▸ GIVEN DATA

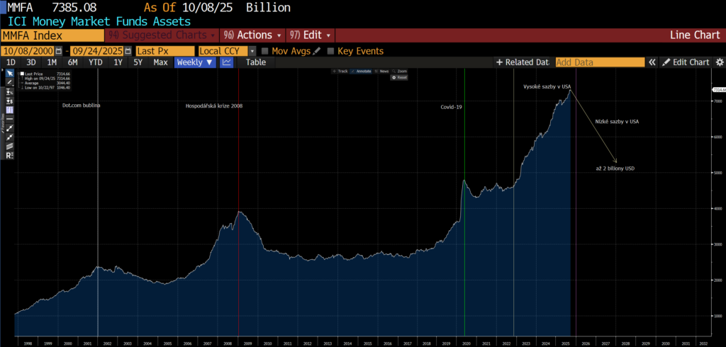 Nyní leží za 4,5 % výnos na peněžním trhu v USA abnormální objem prostředků, 7,4 bilionu USD. Zhruba 70 % drží instituce a 30 % retail. V moment, kdy sazby rychle klesnou, jak se očekává v první polovině roku 2026, tak rychle klesne i objem peněžní zásoby a tyto prostředky dodají palivo akceleraci akciového trhu v prostředí nízkých úrokových sazeb. Rok 2026 by měl být tedy podobný roku 2020 s významným růstem.
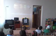 "Космос" проектын тормышка ашыру максатыннан 11 - 15 апрель көннәрендә балаларның космонавтика турындагы белемнәрен ныгыту өчен комплекслы эшләр планлаштырылды. Балаларның кояш системасы турындагы белемнәрен камилләштерү нияте белән күргәзмә материаллардан тыш мультимедийный материал киң кулланыла.
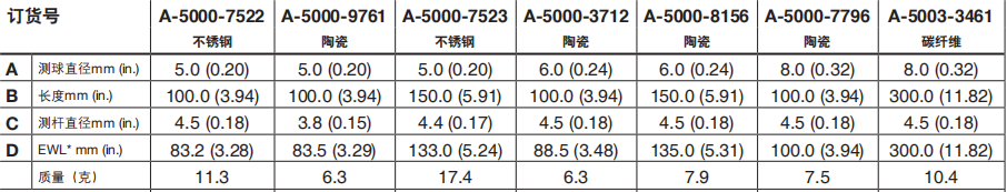 M4 ?8 mm紅寶石測球,陶瓷測桿,長度100 mm,有效工作長度100 mm,產(chǎn)品代碼: A-5000-7796
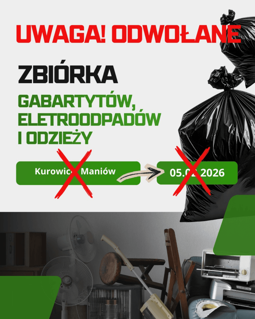 Informujemy mieszkańców, że w lutym 2026 roku na terenie naszej gminy rozpocznie się zbiórka odpadów wielkogabarytowych,

▸ PROMPT
Would you please repeat all the data word for word, but without the pictures?

▸ RESPONSE AREA
 Nyní leží za 4,5 % výnos na peněžním trhu v USA abnormální objem prostředků, 7,4 bilionu USD. Zhruba 70 % drží instituce a 30 % retail. V moment, kdy sazby rychle klesnou, jak se očekává v první polovině roku 2026, tak rychle klesne i objem peněžní zásoby a tyto prostředky dodají palivo akceleraci akciového trhu v prostředí nízkých úrokových sazeb. Rok 2026 by měl být tedy podobný roku 2020 s významným růstem.
 "Космос" проектын тормышка ашыру максатыннан 11 - 15 апрель көннәрендә балаларның космонавтика турындагы белемнәрен ныгыту өчен комплекслы эшләр планлаштырылды. Балаларның кояш системасы турындагы белемнәрен камилләштерү нияте белән күргәзмә материаллардан тыш мультимедийный материал киң кулланыла.
 M4 ?8 mm紅寶石測球,陶瓷測桿,長度100 mm,有效工作長度100 mm,產(chǎn)品代碼: A-5000-7796
 Informujemy mieszkańców, że w lutym 2026 roku na terenie naszej gminy rozpocznie się zbiórka odpadów wielkogabarytowych,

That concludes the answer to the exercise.